Zu diesem Zeitpunkt besteht das gedruckte Ohr ausschließlich aus Cellulose-Nanokristallen und einem Biopolymer. Ziel ist es jedoch, sowohl menschliche Zellen als auch Therapeutika in die Basisstruktur einzubauen, um biomedizinische Implantate herzustellen. Derzeit läuft ein neues Projekt, das untersucht, wie Chondrozyten (Knorpelzellen) in das Gerüst integriert werden können, um künstliches Knorpelgewebe zu erhalten. Sobald sich die Besiedlung des Hydrogels mit Zellen etabliert hat, könnten nanocellulosebasierte Komposite in Form eines Ohrs als Implantat für Kinder mit einer angeborenen Ohrfehlbildung dienen, beispielsweise in Mikrotien, bei denen die äußeren Ohren nur unvollständig entwickelt sind. Eine Rekonstruktion der Ohrmuschel kann die Missbildung ästhetisch und medizinisch korrigieren; Andernfalls kann die Hörfähigkeit stark beeinträchtigt werden. Im weiteren Verlauf des Projekts werden Cellulose-Nanokristalle, die Hydrogele enthalten, auch für den Ersatz von Gelenkknorpel (z. B. Knie) bei Gelenkverschleiß aufgrund beispielsweise chronischer Arthritis verwendet.

Sobald das künstliche Gewebe in den Körper implantiert wurde, wird erwartet, dass sich das biologisch abbaubare Polymermaterial mit der Zeit abbaut. Die Cellulose selbst ist im Körper nicht abbaubar, aber biokompatibel. Nanocellulose ist jedoch nicht nur aufgrund ihrer Biokompatibilität das ideale Material für Implantatgerüste.

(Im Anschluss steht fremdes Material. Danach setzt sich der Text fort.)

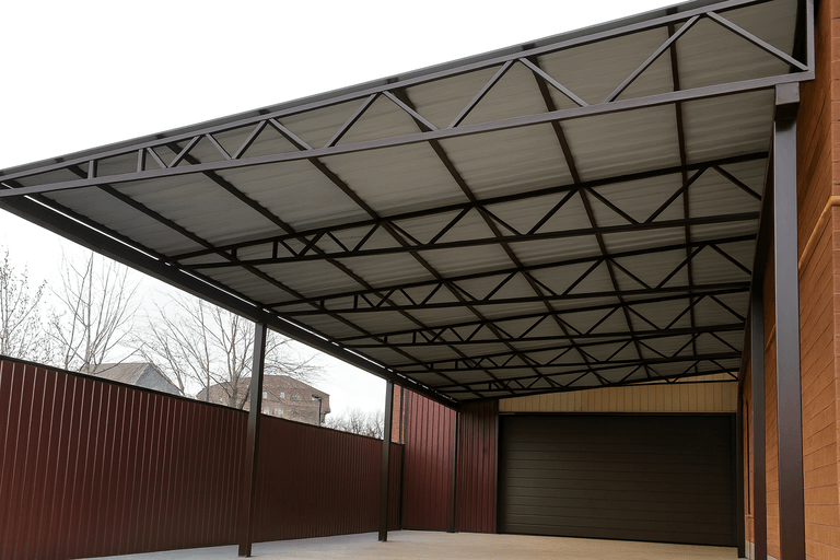 Чем больше площадь перекрытия, тем выше расход материалов и трудозатраты. Для небольших навесов можно использовать облегчённые решения, тогда как для больших потребуются усиленные опоры и фермы. -

„Es ist auch die mechanische Leistung von Cellulose-Nanokristallen, die sie zu so vielversprechenden Kandidaten macht, weil die winzigen, aber hochstabilen Fasern das hergestellte Implantat extrem gut verstärken können“, sagte Hausmann.

Darüber hinaus ermöglicht Nanozellulose den Einbau verschiedener Funktionen durch chemische Modifikationen in das viskose Hydrogel. So können Struktur, mechanische Eigenschaften und Wechselwirkungen der Nanocellulose mit ihrer Umgebung gezielt auf das gewünschte Endprodukt abgestimmt werden.

„Wir können zum Beispiel Wirkstoffe einbauen, die das Wachstum von Chondrozyten fördern oder Gelenkentzündungen in das Hydrogel lindern“, sagt die Empa-Forscherin.

Und nicht zuletzt ist Cellulose das am häufigsten vorkommende natürliche Polymer der Erde. Die Verwendung von Cellulose-Nanokristallen profitiert daher nicht nur von der Eleganz des neuen Verfahrens, sondern auch von der Verfügbarkeit des Rohmaterials.

Das weiße Nanocellulose-Ohr liegt glänzend auf dem Glasträger. Gerade aus dem Bioplotter heraus ist er bereits robust und formstabil. Hausmann kann den Startschuss für die nächsten Schritte geben.